Data section Start Marker
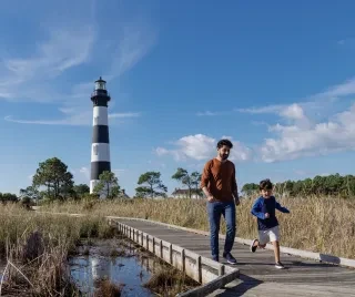 The Cape Lookout Lighthouse is most recognized for its large black-and-white diamond design. Originally rejected by 19th-century mariners, the structure was later used as the model for future Outer Banks lighthouses. It's the southernmost lighthouse on the Crystal Coast along the Outer Banks and is only accessible by private boat or ferry. Though the lighthouse is undergoing extensive renovations through 2025 and is currently closed to climbers, you can still admire it from the base.
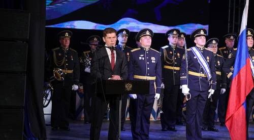 Олег Кожемяко со сцены Дома офицеров флота пожелал морякам здоровья, благополучия и успехов в службе.
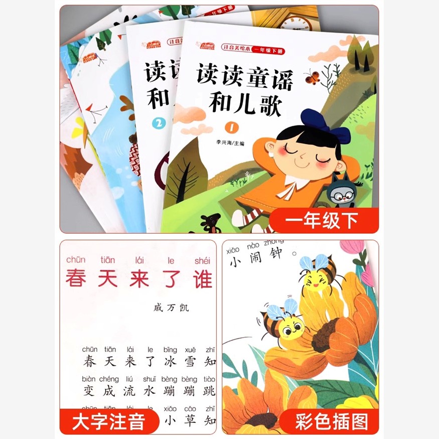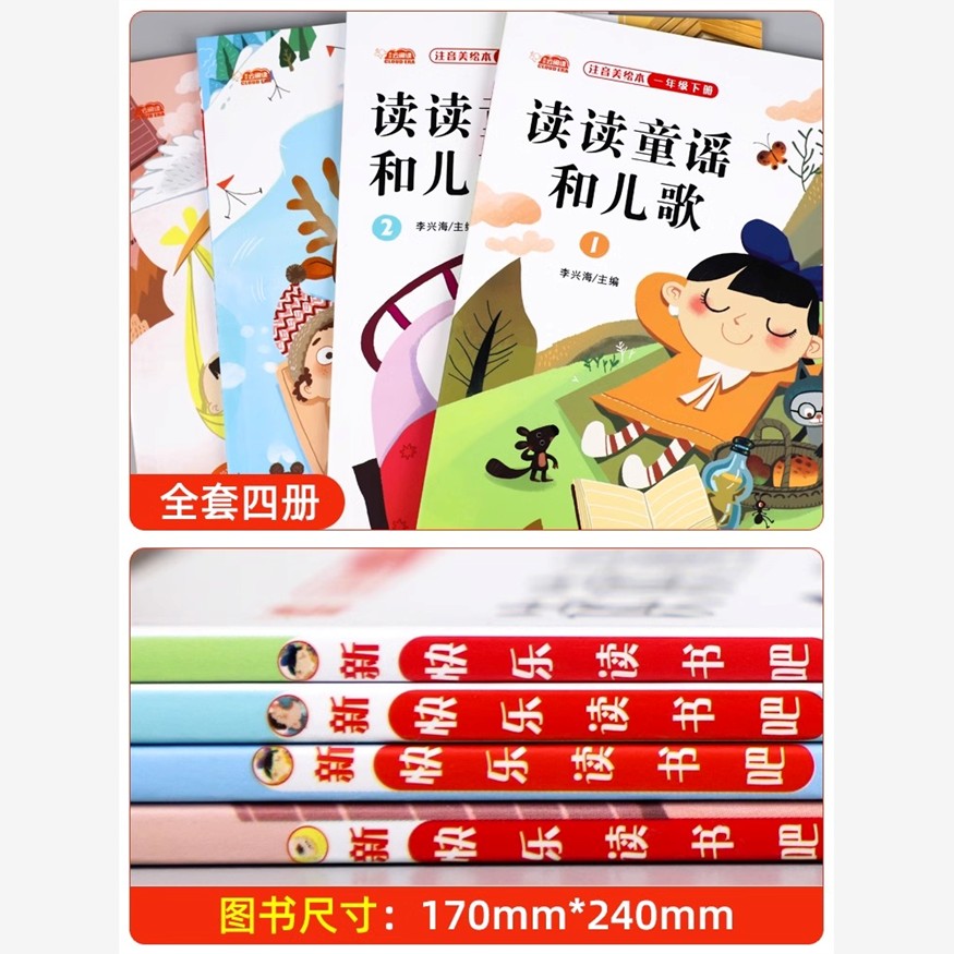 正版 一年级下册阅读课外书必读全套4册 1年级课本配套同步故事书老师推荐 和大人一起读人教版 快乐读书吧书籍 读读童谣和儿歌注音版
Data section End Marker
## Work request
An unaltered copy of the material, without images, should be set down.

## Problem solution
 The Cape Lookout Lighthouse is most recognized for its large black-and-white diamond design. Originally rejected by 19th-century mariners, the structure was later used as the model for future Outer Banks lighthouses. It's the southernmost lighthouse on the Crystal Coast along the Outer Banks and is only accessible by private boat or ferry. Though the lighthouse is undergoing extensive renovations through 2025 and is currently closed to climbers, you can still admire it from the base.
 Олег Кожемяко со сцены Дома офицеров флота пожелал морякам здоровья, благополучия и успехов в службе.
 正版 一年级下册阅读课外书必读全套4册 1年级课本配套同步故事书老师推荐 和大人一起读人教版 快乐读书吧书籍 读读童谣和儿歌注音版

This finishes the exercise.